Saturday, January 07, 2006



yea~ went out with bert mab lj shuwen chongyi after work today... so nice~ v happy today!! yay~~ ^^ n i learnt how to walk from orchard mrt to far east!! yay~~ haha i know i sound stupid..but it's quite a feat for me ok... muahaha.

wooo.... he went in today liao... lalala~ n i juz realised something this afternoon... i have 27 more days top wear heels!! ahahahas. so out of pt.. yea.. nwaae.. was hugging him gdbye at the interchange.. n suddenly melv juz walked past n started crooning "awwww... so sweet"... -_-''' talk abt maluating.. haha wanted to scold him after tt but he fall in le then i oso late for work le so juz left le lo... haha.. =)
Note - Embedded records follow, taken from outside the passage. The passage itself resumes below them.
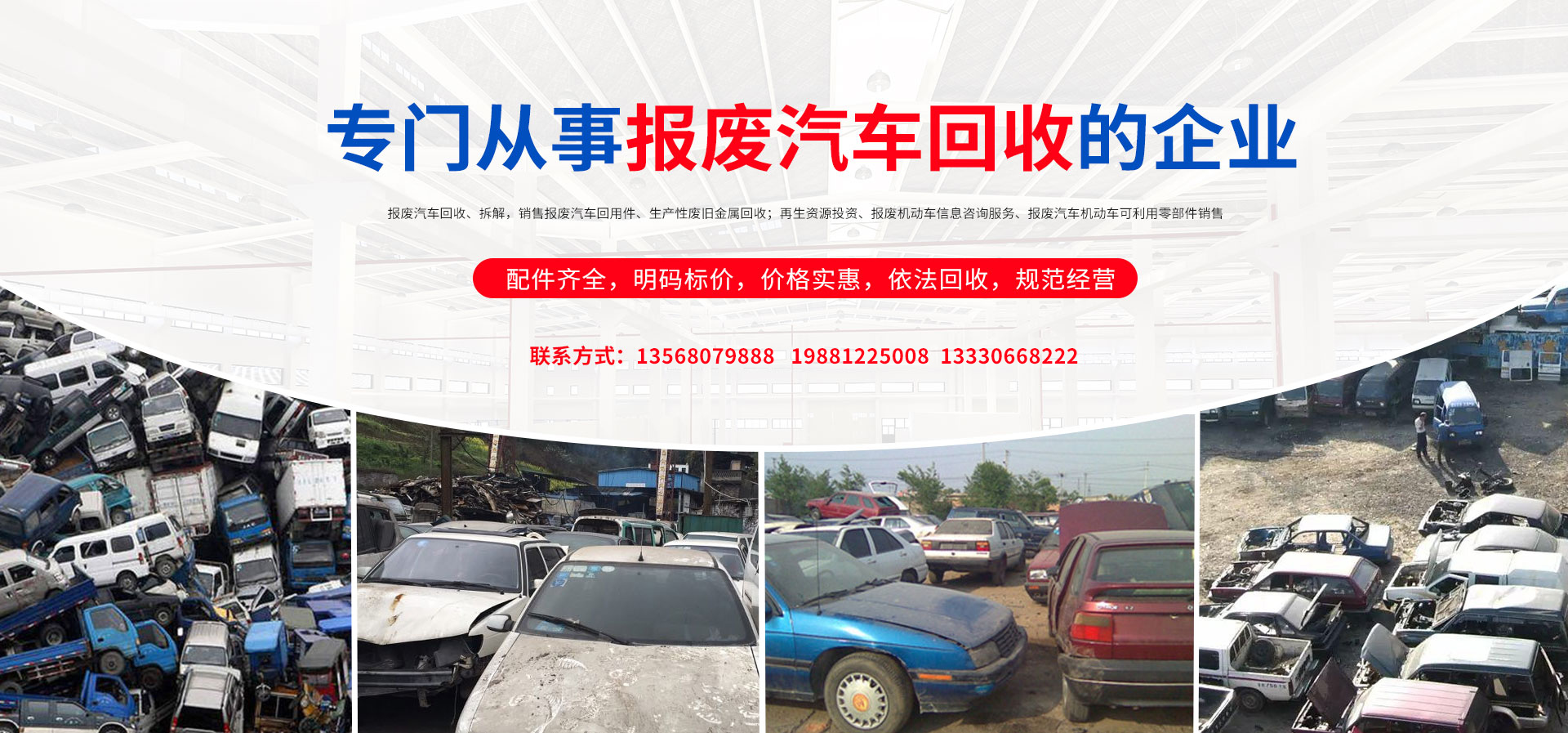 我公司在報(bào)廢汽車回收拆解中,認(rèn)真貫徹執(zhí)行國家法律法規(guī),嚴(yán)格執(zhí)行國務(wù)院令第307號(hào),積極開展行業(yè)自律,依法回收,規(guī)范經(jīng)營,從源頭上控制了報(bào)廢汽車整車、拼裝車、“五大總成”等上路和重新流入市場的現(xiàn)象,為緩解我市資源短缺,減輕環(huán)境污染,促進(jìn)資源循環(huán),維護(hù)人民群眾生命財(cái)產(chǎn)安全和道路交通安全起到了巨大的作用。
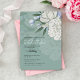 Ce design de mariage vert sauge élégant est créé pour les couples qui apprécient les florales intemporelles et le luxe raffiné. Les pivoines blanches douces et les détails botaniques délicats sont associés à une véritable feuille de luxe, ajoutant une texture subtile en relief et une finition lumineuse qui procure une sensation vraiment spéciale.
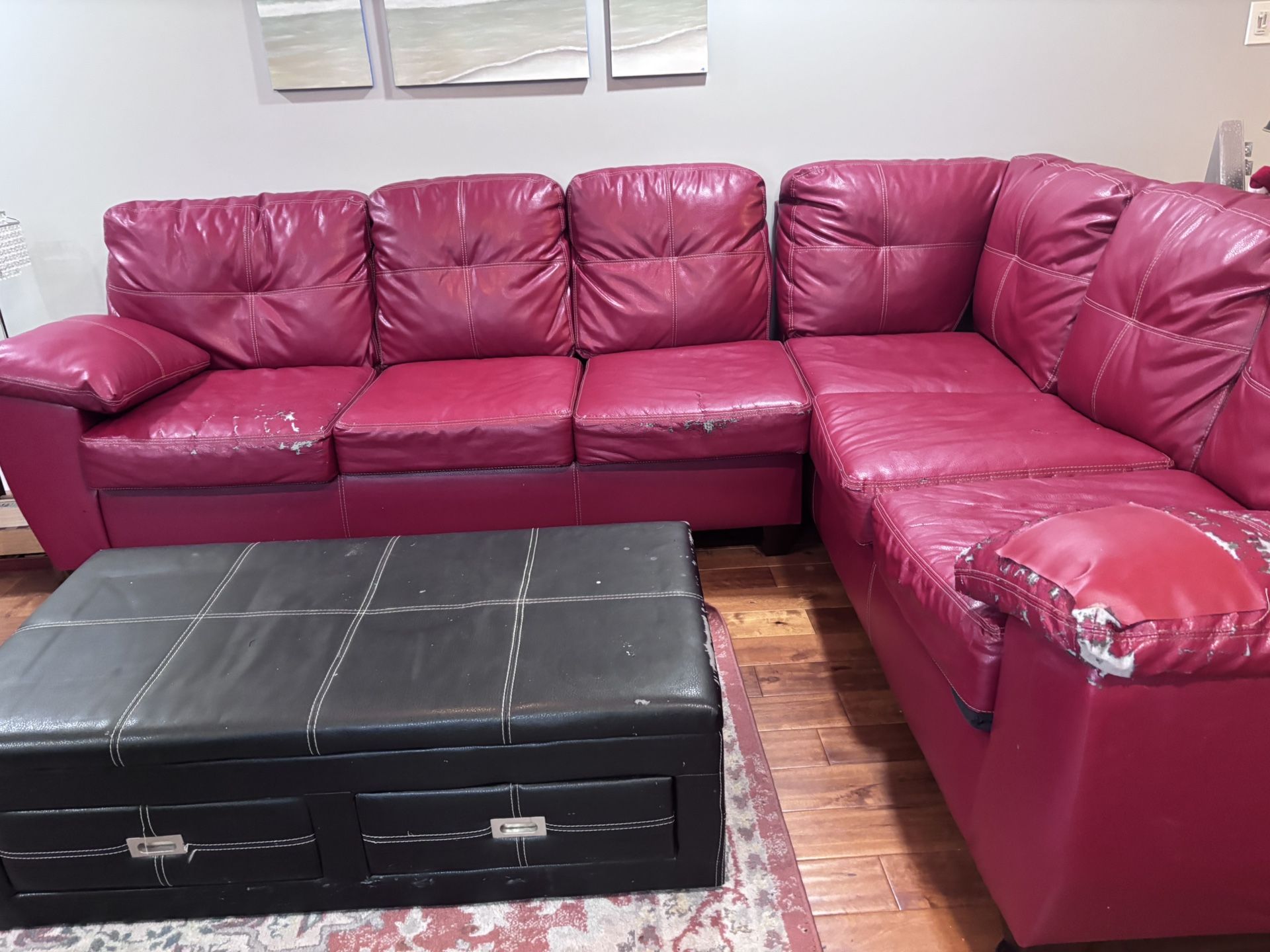Well used 2 piece sectional red vinyl sofa. Structurally good and solid but vinyl is cracking terribly on one armrest and slightly on a few cushions. The coffee table also shows wear but solid working structure. Black vinyl.
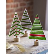 Glass Holiday Tree Tabletop Decor with Wooden Base
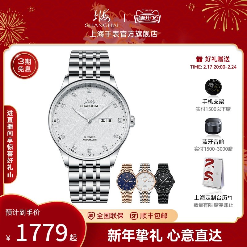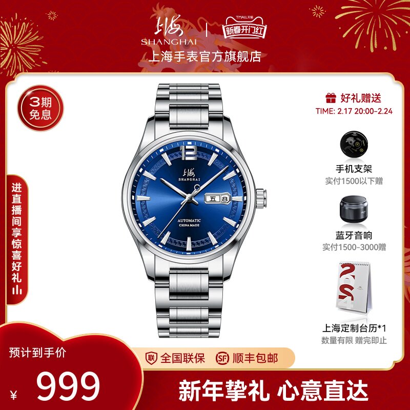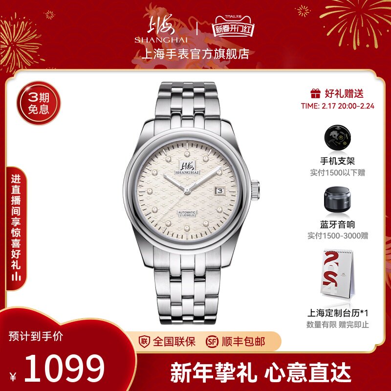 上海手表国民系列纪念款40毫米真钻男士自动机械钢带腕表情侣850
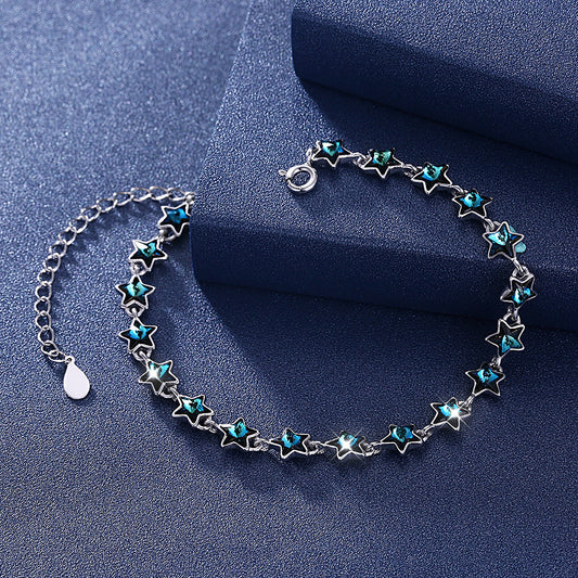Blue Star Crystal and Crescent Charms In Silver Necklace
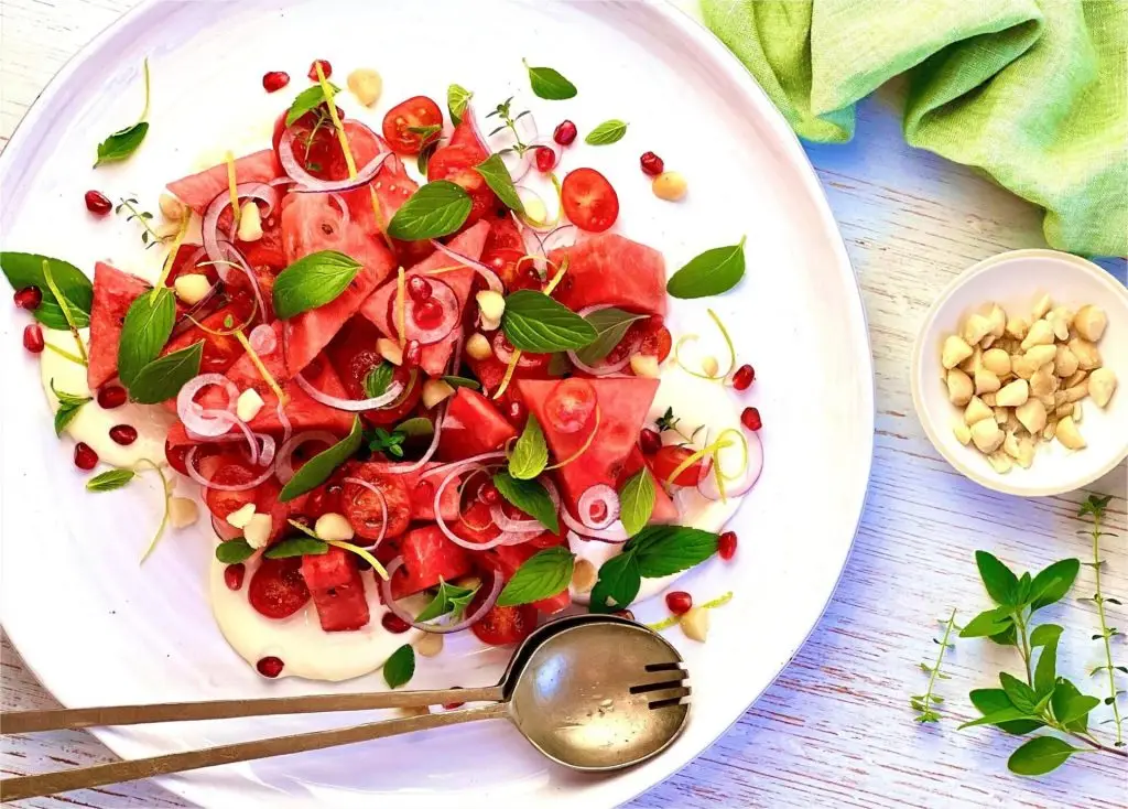 - Into a large bowl, add in the sliced watermelon, red onion, mint, thyme, sliced tomatoes and lime zest. Toss gently and set aside in the fridge.
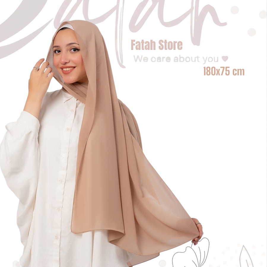 طرحة شيفون سادة لون بيج غامق– طرحة محجبات كريب ناعمة بتقفيل ليزر عالي الجودة
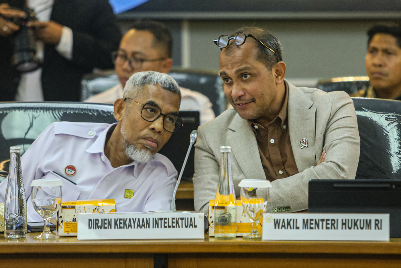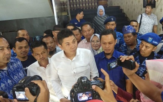 Wakil Sekjen Partai Demokrat Jansen Sitindaon (baju putih) heran dengan Eddy Hiariej yang bisa tersandung kasus korupsi. Menurutnya, gaji Eddy sebagai Wamenkumham harusnya lebih dari cukup.
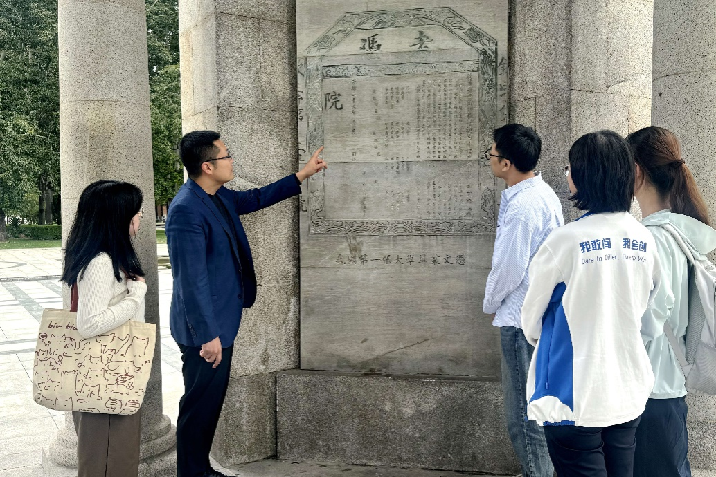 天津大学法学院薛杨教授为新生准备了一场别开生面的“中秋Walk”,在北洋广场“钦字第一号考凭”石雕前,他庄重讲述了“中国第一张大学文凭”所有者、北洋大学法科先贤王宠惠的生平故事。“薛老师还结合他参与《科学家生物安全行为准则天津指南》起草的经历,给我们上了一堂生动的涉外法治实践课.我们为天津大学牵头这份首个以中国地名命名、内容以中国倡议为主的生物安全国际倡议深感自豪,也坚定了提升参与国际法务能力、投身涉外法治建设的决心!”法学院硕士生周鸿佚说。
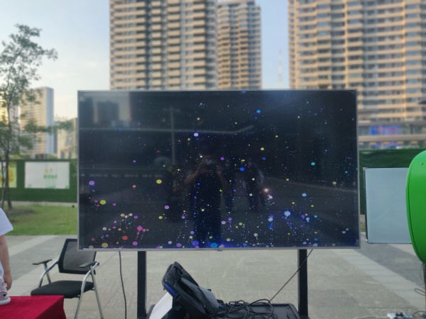 AR許愿樹(shù)主要由LED燈光塔、許愿樹(shù)軟件組成。用手機(jī)掃描它的燈柱,可以發(fā)現(xiàn)柱子的周圍飄浮著文字,就可以進(jìn)行手機(jī)AR許愿。該裝置支持多人互動(dòng),使用手機(jī)或者平板就可以操作自如。使用時(shí)首先根據(jù)提示,用手機(jī)掃描二維碼,就可以打開(kāi)許愿頁(yè)面;然后可以編輯祝福話語(yǔ),并選擇發(fā)送;最后就可以通過(guò)手機(jī)或平板觀看到許愿的效果。 體感粒子互動(dòng)屏

dear dun worry for me.. i'll tk gd gd care of myself... heex.. u tk care too! ahahas. not like u can see this nwae... ahahas. yay~ i learn how to walk from orchard to far east today!! heex.. r u proud of me? lalala~ nxt time i bring u there ok... hahaha. so bo liao~ gd nite! =)

**************

i tink i haf a moronic dad... as in.. he's not mornic to me.. he's juz moronic to my mum... but tt still makes him a moron. urrgh. now u know why my top 5 conditions for an ideal bf includes no MCPs... haha. not v funny nwae.. i juz detest the way he treats mum n shout at her.. n yea.. i figure he will start yelling the hse down tmr after i come home with my rebonded hair........... watever.

hUitiNg stRange... 1/07/2006 10:27:00 PM


Friday, January 06, 2006



haha looking at my previous post i realise i sound like a wimp.. =X but nwae.. laugh if u wan to.. i'm juz saying all i feel n nid to say.. but yea.. mayb i shldn't haf said THAT much.. haha cuz look wat happened today.. lolz.. but i sort of expected it after wat u said ytd la.. it was a sooner-or-later thing i guess.. n yea.. i'm willing to respect ur decision n i shall b understanding n do my part too in the mean time..

i promise u that i'll learn how to b strong.. n i'll learn how to be more independent.. n most importantly.. i shall learn how to stop getting lost!! haha.. i'll try to mk up for the time lost with my frens n family too.. try to spend more time with them.. i shldn't neglect them.. in other words.. i'm gonna change!! n i wan to mk darling proud of me when he sees me 4 wks later!! ^^

lalala~ in case u haven't figured out after reading for so long.. yea.. we're breaking up tempoararily for 4wks.. dun ask why.. i'm lazy to repeat stories.. haha.. talk abt irony.. was sms-ing gaigai.. then was telling her.. single life also quite nice n how i will miss being single at times too.. haha now i got my wish come true.. lalala~

ok i'll b lying if i told u i'm not sad.. but yea.. after lunch juz occupied myself with the stupid comp n typed non-stop until 6.30... then got everything sorted out liao.. we r breaking up so tt we'll become closer again... so we'll be fine.. i'm sure we're going to cherish each other more after we pull thru' this 4 wks.. so i'm willing to accept it n enjoy my single-ness for now.. haha

n yea.. hope u change to a REAL MAN too after ur ns!! muahaha. sounds offensive.. but i'm juz saying the cliche stuff tt ppl say to guys gg into ns.. haha.. yea.. the same goes to any other guy reading this.. haha.. all the best!! =)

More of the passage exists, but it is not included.